Budget 2025 du Sud-Kivu : Des primes exorbitantes suscitent des controverses
Le budget 2025 de la province du Sud-Kivu, défendu par le gouverneur Jean-Jacques Purusi et adopté par l’Assemblée provinciale le 28 décembre 2024, continue de susciter des critiques vives. Des disparités flagrantes dans l’attribution des primes et des indemnités au sein du personnel provincial, mises en lumière par plusieurs députés provinciaux, ont particulièrement marqué le débat.
Lors de son intervention, la députée triplement élue, Kinja Mwendanga Béatrice, a dénoncé des primes disproportionnées parmi les agents ayant des grades et fonctions similaires, tous pris en charge par la province.

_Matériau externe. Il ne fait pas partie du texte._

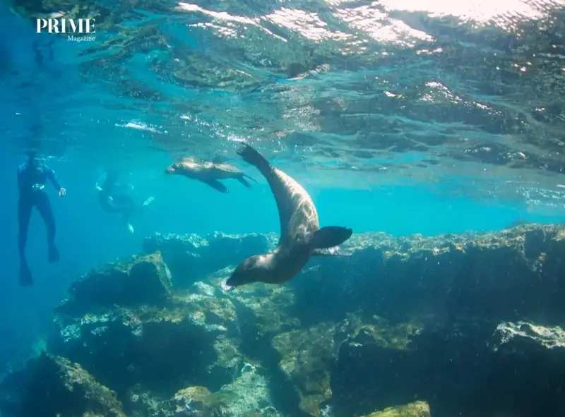 Sea Lions Play with Snorkelers Galapagos Island Tour

À la page 512 du tome 2 du budget, le directeur provincial du Service public de l’Eau reçoit une prime de 2 653 240 francs congolais, tandis qu’à la page 201 du tome 1, son collègue du Trésor-Dordonnancement touche une prime de 4 560 850 francs congolais, bien qu’ils occupent le même poste.
Le coordonnateur du programme Une Santé bénéficie d’une prime de 2 653 240 francs congolais (page 606, tome 2), contre 4 453 000 francs congolais pour son homologue du PDDRCS, tel qu’indiqué à la page 100 du tome 1. Or, ce dernier est déjà pris en charge par la présidence de la République.

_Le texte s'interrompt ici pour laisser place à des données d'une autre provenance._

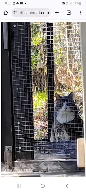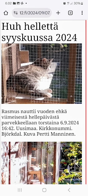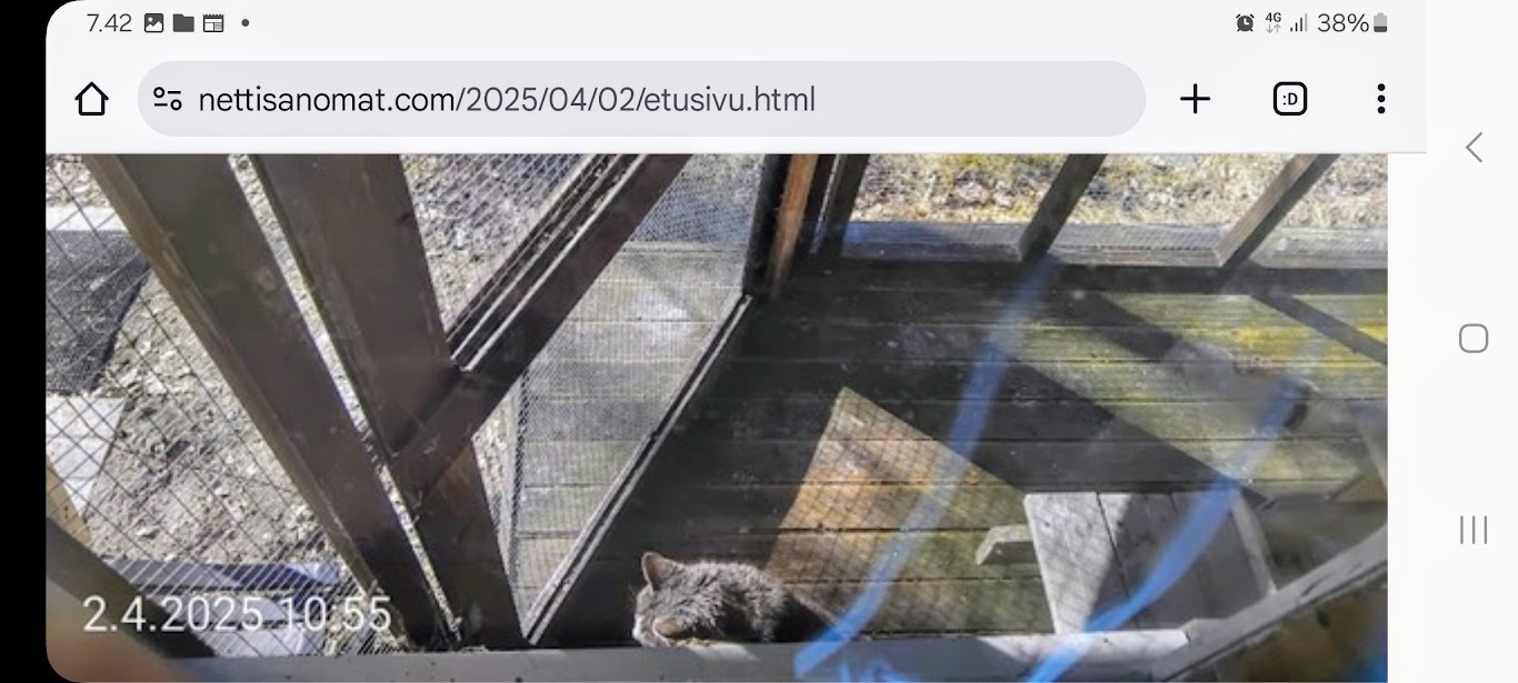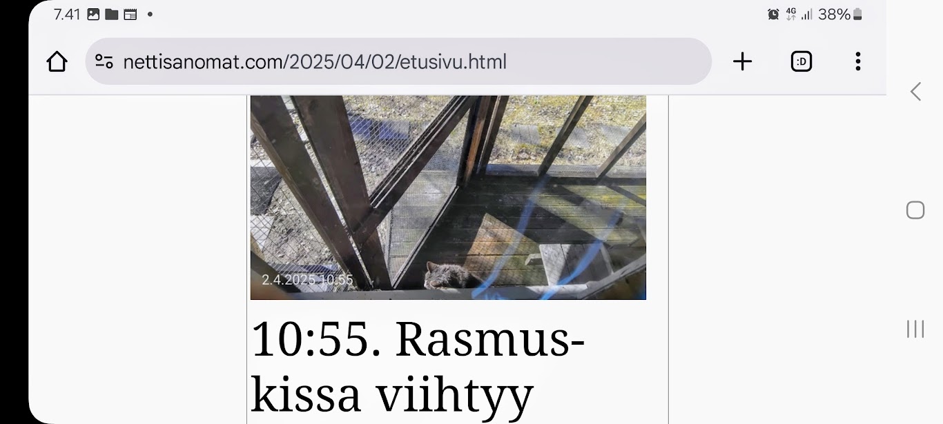 | 2.4.2025. "Rasmus-kissa viihtyy aurinkoisessa häkissään. " Kuuma päivä. Keskiviikko 2.4.2025. 10:55. Rasmus-kissa viihtyy aurinkoisessa häkissään. 11:12. Keltaiset puskevat ruskean läpi. 12:55. Vauhtia ja kuntoa! 13:14. Presidentti soittaa pian toiselle presidentille saatuaan luvan kolmannelta presidentiltä. 14:07. Mittari ei valehtele, 24 astetta! Uusimaa. Kirkkonummi. Björkdal - Lapinkyläntie - Veikkola - Björkdal. Kuvat Pertti Manninen. https://www.nettisanomat.com/2025/04/02/etusivu.html

Kinja Mwendanga a également relevé une égalité salariale surprenante entre un chef de division de l’Intérieur et un huissier du gouverneur de province, tous deux percevant 762 610 francs congolais, tandis qu’un autre huissier du gouverneur n’a que 608 750 francs congolais.
Un conseiller du gouverneur recevant 4 616 250 francs congolais, contre plus de 8 000 000 francs congolais pour le coordonnateur du bureau d’étude (page 37, tome 1).
Absence de prise en charge des cadres de base, soulignée comme une grave omission budgétaire par plusieurs autres députés.
Le député Jackson Kalimba, élu à Bukavu, a déploré que les 2 565 944 $ alloués aux primes et indemnités des membres du cabinet soient 30 fois supérieurs au montant consacré à la réhabilitation des routes, ponts et aéroports, comme mentionné dans les dépenses de la page 35 du tome 1.
Son collègue Nanvano, élu de Walungu, a quant à lui qualifié le budget de « budget antisocial, élaboré pour le personnel administratif plutôt que pour la population ». Selon lui, les formations, ateliers et frais divers, cités à la page 369 du tome 2, dominent les dépenses, rendant ce budget irréaliste.
Face aux critiques, le gouverneur Jean-Jacques Purusi a défendu un budget qu’il qualifie d’équilibré en recettes et dépenses à hauteur de 783 milliards 72 millions 172 mille francs congolais, soit une augmentation de 30,32 % par rapport au budget rectificatif de 2024. Le président de l’Assemblée provinciale, Feston Kabeza, a quant à lui affirmé que « les besoins des territoires ont été pris en compte », témoignant d’une collaboration fructueuse entre les institutions après la rectification du budget.
Cependant, la population attend des actes concrets, notamment en matière d’infrastructures et de services publics essentiels, afin que ce budget ne reste pas une simple promesse sur papier.